В бесчеловечной, кровавой войне человек остается человеком, а люди — людьми. Об этом и написана повесть: о страшной войне и сохраненной человечности. Десятилетия не ослабили интереса общества к этому историческому событию. Время демократизма и гласности, осветившее светом правды многие страницы нашего прошлого, ставит перед историками и литераторами новые и новые вопросы.
Не принимая лжи, малейшей неточности в показе исторической наукой минувшей войны, ее участник, писатель В. Астафьев сурово оценивает сделанное: «К тому, что написано о войне, я, как солдат никакого отношения не имею, я был совершенно на другой войне. Полуправда нас измучила».
Эти и подобные, возможно, жесткие слова приглашают обратиться наряду с традиционными произведениями Юрия Бондарева, Василия Быкова, Виктора Богомола к романам Астафьева «Пастух и пастушка», В. Гроссмана «Жизнь и судьба», повестям и рассказам Виктора Некрасова «В окопах Сталинграда», К.Воробьева «Крик», «Убиты под Москвой», «Это мы, Господи!», В.Кондратьева «Сашка» и другим.
«Это мы, Господи!» — произведение такой художественной значимости, что, по словам В.Астафьева, «даже в незавершенном виде... может и должно стоять на одной полке с русской классикой».
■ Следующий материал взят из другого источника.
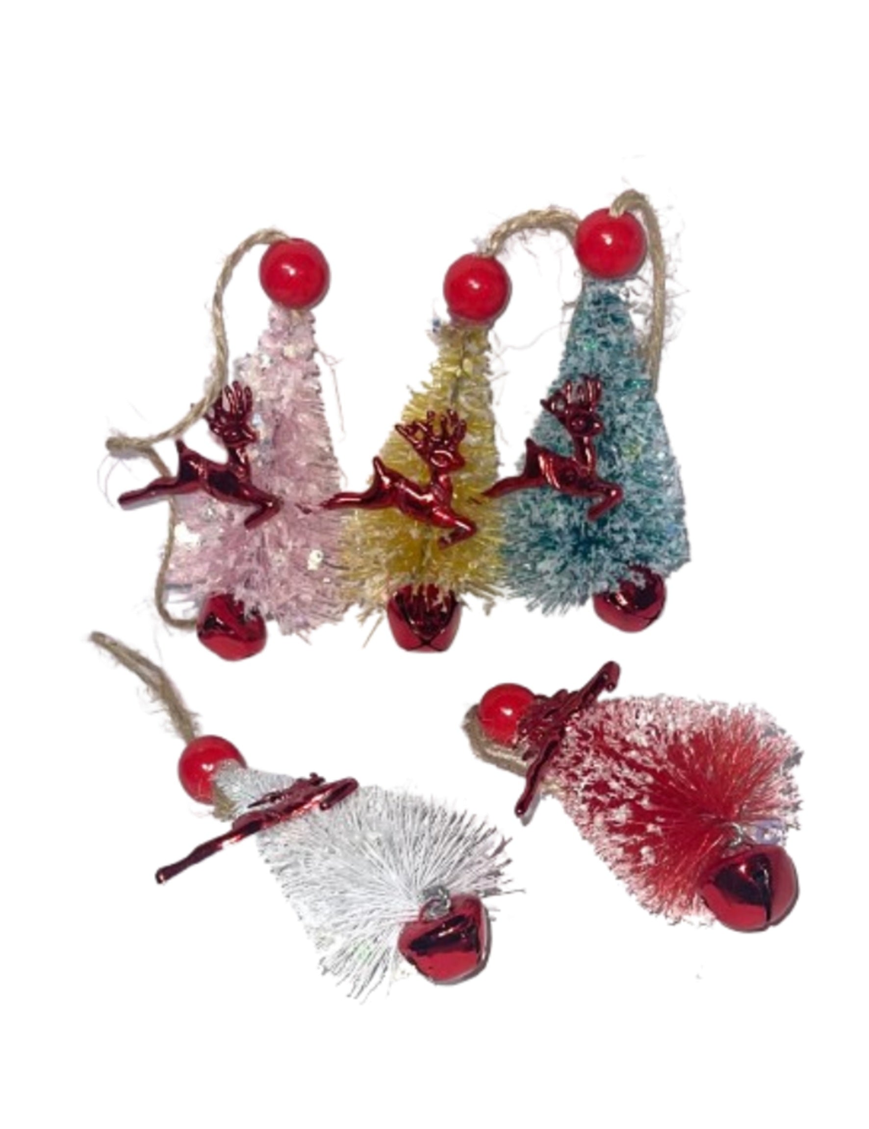 Decoratiune 12cm bradut 5 nuante cu clopotel 5/set. Pretul afisat este pentru un set cu 5 bucati
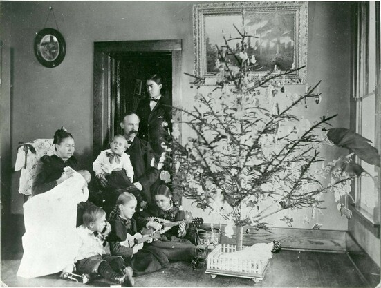 The Stoltz family in their home at 4th and Hickory (where the US Post Office now stands) in Ottawa, Kansas at Christmas. Pictured Elizabeth Stoltz holding baby Herman, Fred Stoltz holding Fred Jr., children William, Elizabeth, and Mary on the floor, and Andrew Volk stands in the doorway. 1897. 5/
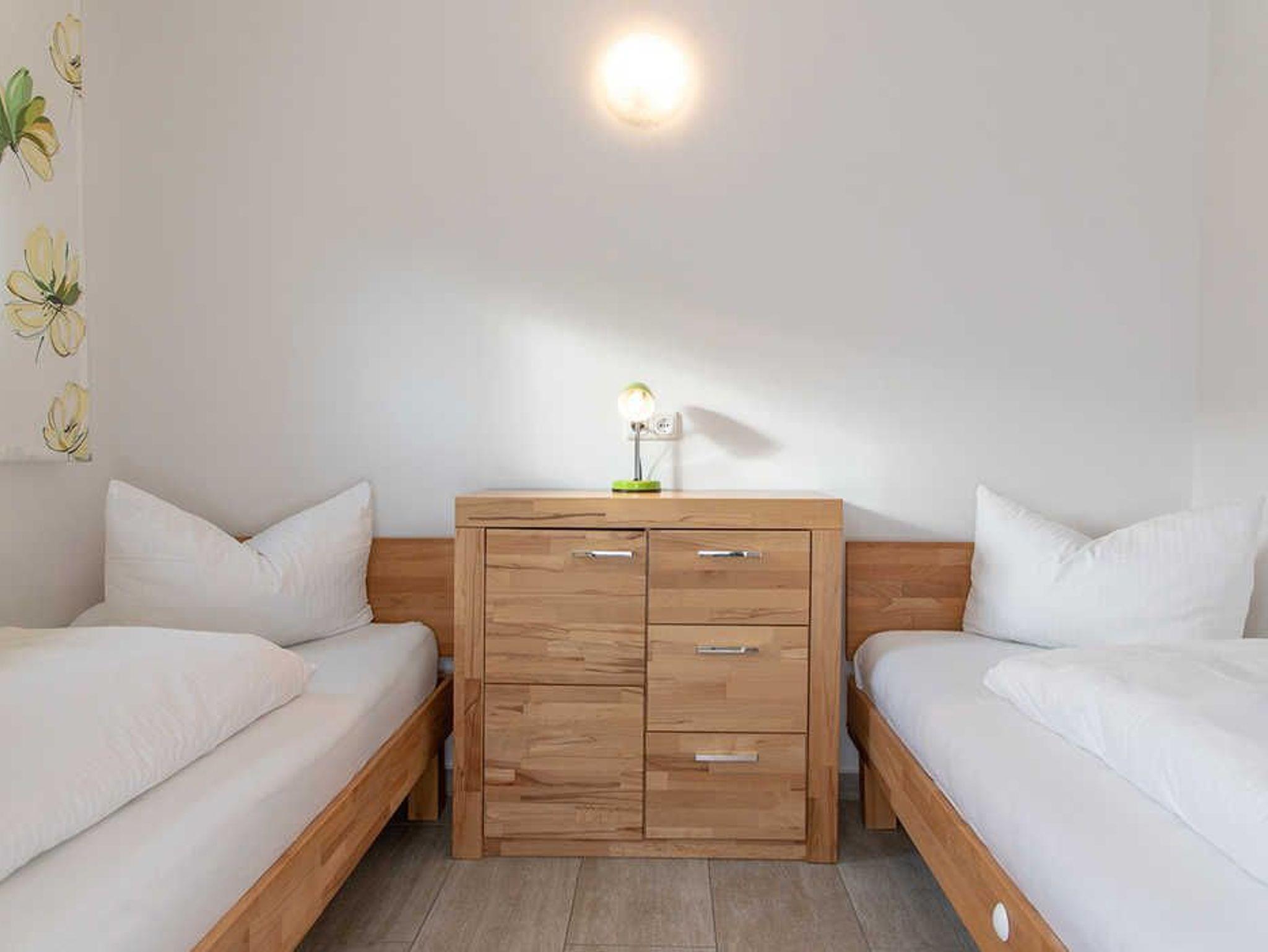 Das Elternschlafzimmer bietet dir ein 140x200 cm großen Bett und einen geräumigen Kleiderschrank (150 cm) für deine Urlaubsgarderobe. Wir möchten darauf hinweisen, dass das Bett, Wand an Wand steht und daher das einsteigen für manch einen schwierig werden könnte. Für Kinder stehen in einem weiteren Zimmer zwei Betten 90x200 cm und eine Kommode (90 cm) bereit. Die Betten sind für dich bezogen.
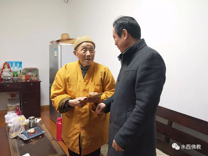 赵毅强部长分别看望慰问了宝胜禅寺87岁高僧释自德法师、泾县佛教协会会长释宗行法师等,为他们送去慰问金和新春的祝福。
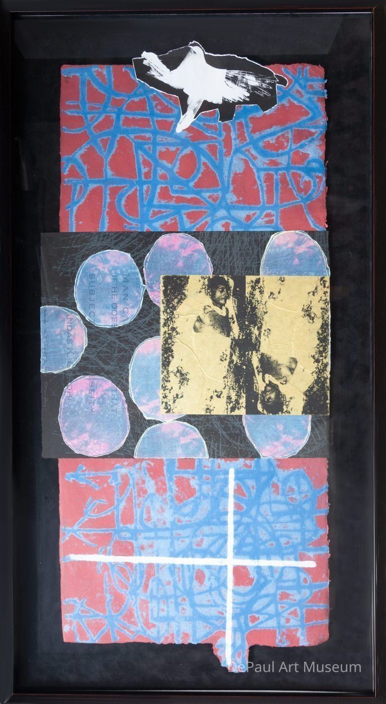 Collage type work with two matching sections on the top and bottom of a red background with blue swirly lines. Middle section has large multicolored circles next to a square image in yellow of a figure. A white cross shape is at the bottom and a white bird photo is at the top.Artwork Details
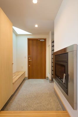 キーアーキテクツで基本設計のお手伝いをさせて頂いた、近江八幡のH邸、無事に完成いたしました!玄関に入るとそこにはビルトインされたペレットストーブが・・。
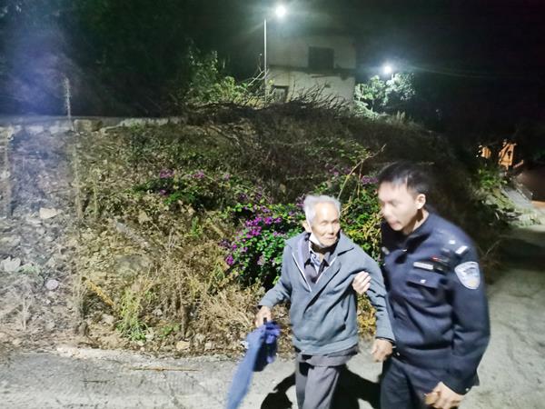 民警张天添在和老人的交谈中发现,老人由于独自外出步行太久且天色已晚,已记不清自己的家庭住址具体在哪里,精神状态也不太好,只知道自己的姓名,今年已经94岁了,自己一个人住。于是,民警张天添语气轻柔地用本地话安慰老人,别着急,我们一定安全把您送回家!于是,民警立即通过老人自报的姓名以及用警务通进行识别查找精准定位老人家的具体位置,并用警车热心护送老人回家,在警车无法通行的山路,民警张天添搀着小心翼翼地老人一步又一步前行……
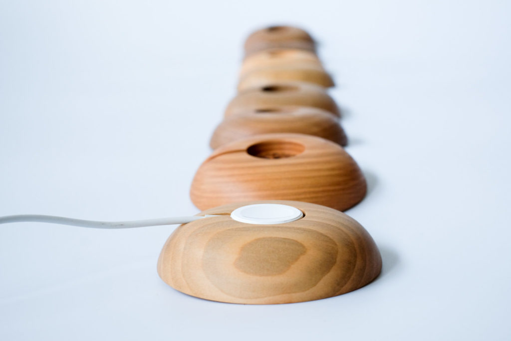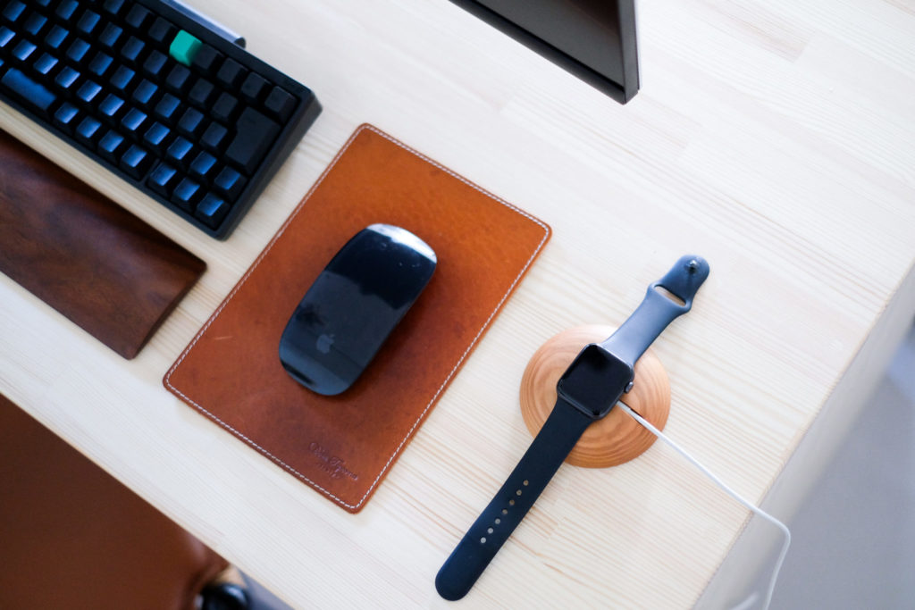 デスクに置けばたちまちにすっきりとした印象に。まさにアップルウォッチの充電ケーブルの『木皿』です。
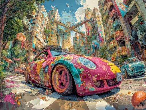 Ein originelles Auto Ob Radfahrer, stolze Hunde oder ein buntes Auto in der Stadt - diese KI-generierten Werke zeigen eine turbulente Welt voller ...

Мы еще очень много не знаем о войне, об истинной цене победы. Произведение К. Воробьева рисует такие события войны, которые не до конца известны взрослому читателю и почти незнакомы школьнику. Герои повести Константина Воробьева «Это мы, Господи!» и повести «Сашка» Кондратьева очень близки по мировоззрению, возрасту, характеру, события обеих повестей происходят в одних и тех же местах, возвращают нас, говоря словами Кондратьева, «в самое крошево войны», в самые кошмарные и бесчеловечные ее страницы. Однако у Константина Воробьева другой, по сравнению с кондрать-
евской повестью, лик войны — плен. Об этом написано не так уж и много: «Судьба человека» М. Шолохова, «Альпийская баллада» В. Быкова, «Жизнь и судьба» В. Гроссмана. И во всех произведениях отношение к пленным неодинаково.